→ Your goal
Your output should be exactly the lines from the one containing "Suggested fabrics are: Crepe" through the final line of the records, both included, with every picture left out.

· · ·

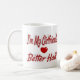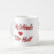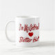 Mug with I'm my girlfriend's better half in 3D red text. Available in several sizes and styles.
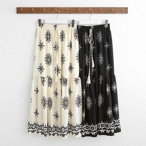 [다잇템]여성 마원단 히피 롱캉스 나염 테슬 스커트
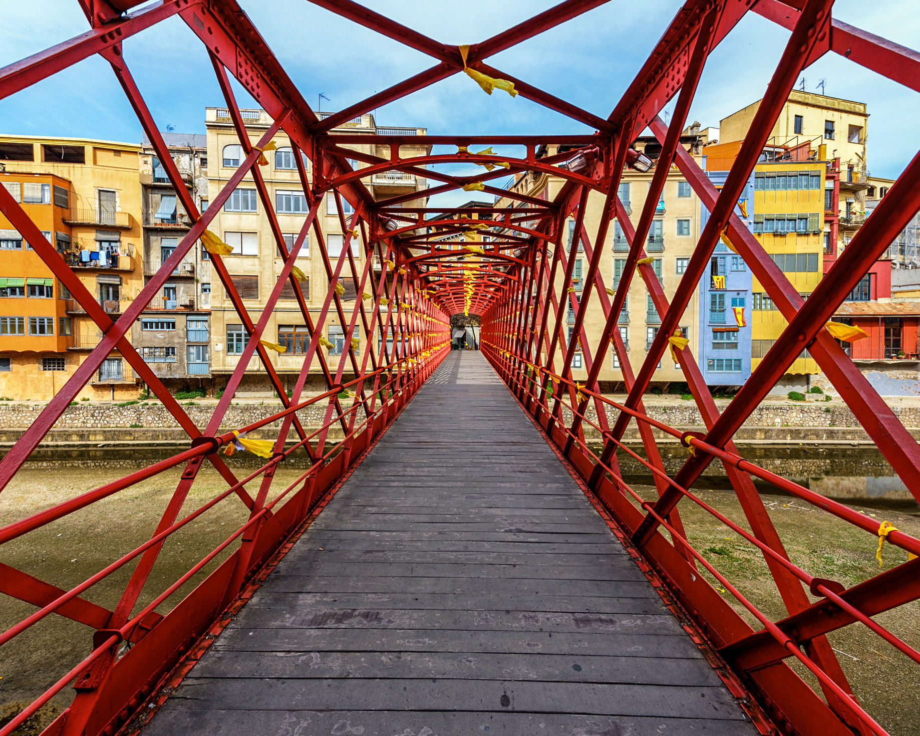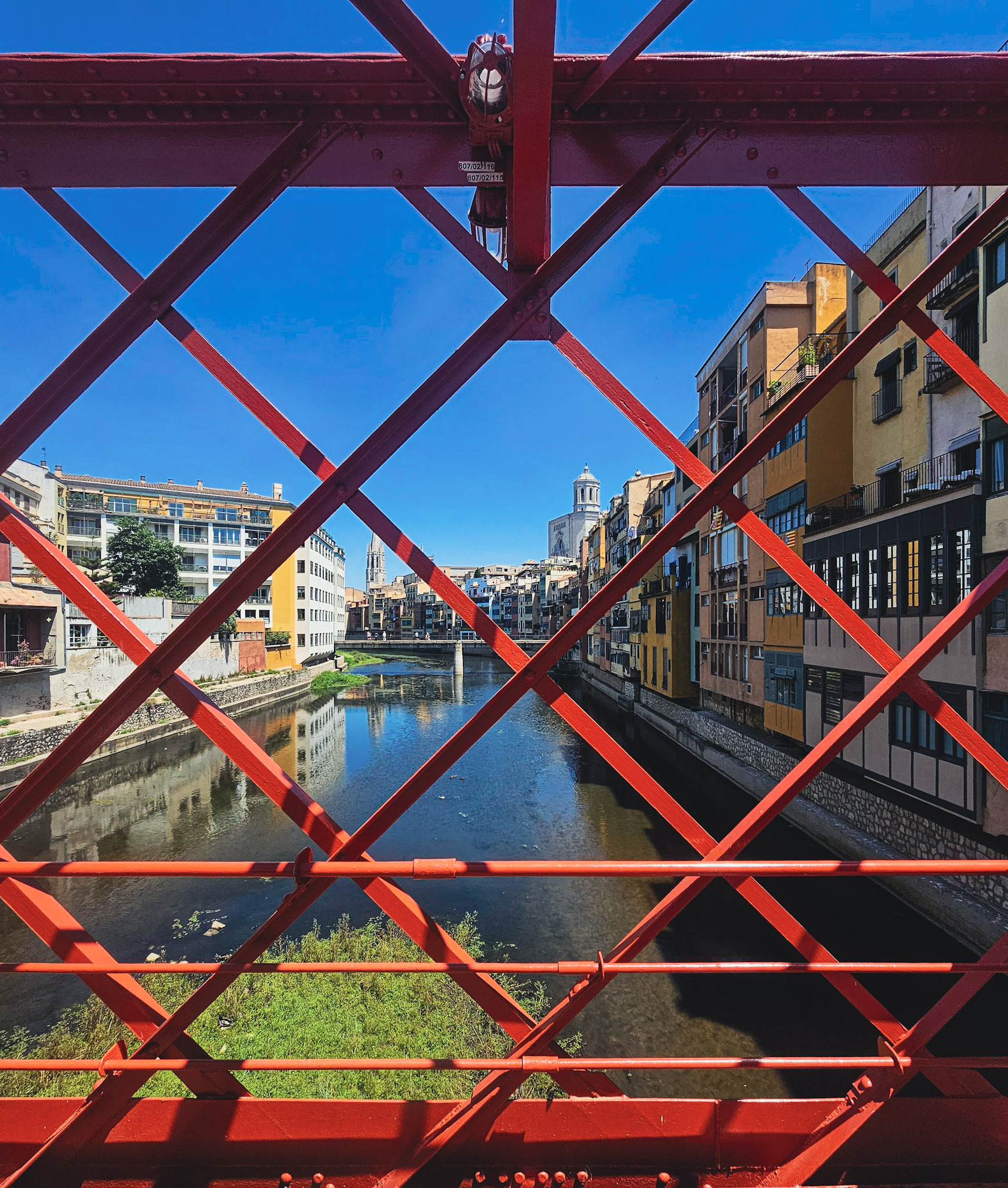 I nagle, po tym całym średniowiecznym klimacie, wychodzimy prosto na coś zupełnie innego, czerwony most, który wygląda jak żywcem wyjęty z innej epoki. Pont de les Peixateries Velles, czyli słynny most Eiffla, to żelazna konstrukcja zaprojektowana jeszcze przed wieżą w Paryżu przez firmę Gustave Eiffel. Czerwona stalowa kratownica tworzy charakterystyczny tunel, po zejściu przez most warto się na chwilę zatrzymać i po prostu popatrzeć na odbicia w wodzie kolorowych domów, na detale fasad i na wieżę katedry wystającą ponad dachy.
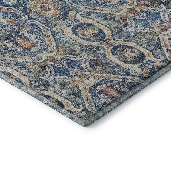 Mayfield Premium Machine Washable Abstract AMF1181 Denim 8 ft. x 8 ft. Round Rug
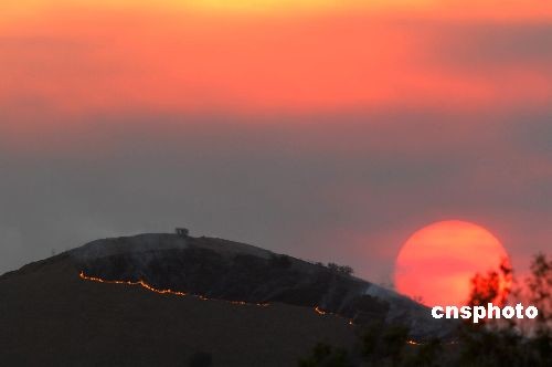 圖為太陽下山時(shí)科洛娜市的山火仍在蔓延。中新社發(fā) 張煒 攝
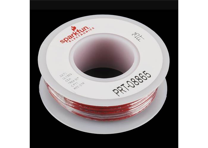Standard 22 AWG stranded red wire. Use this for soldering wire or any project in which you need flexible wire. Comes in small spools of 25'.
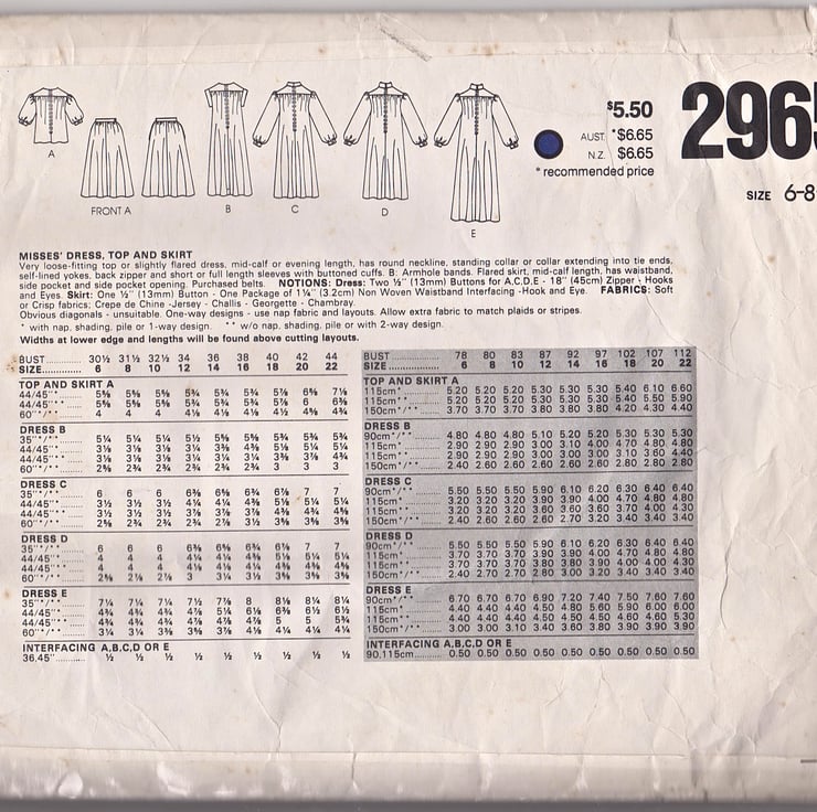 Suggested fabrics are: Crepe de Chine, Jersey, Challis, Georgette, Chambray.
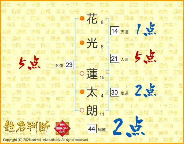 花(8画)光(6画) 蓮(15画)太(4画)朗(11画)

· · ·

→ Written response
 Suggested fabrics are: Crepe de Chine, Jersey, Challis, Georgette, Chambray.
 花(8画)光(6画) 蓮(15画)太(4画)朗(11画)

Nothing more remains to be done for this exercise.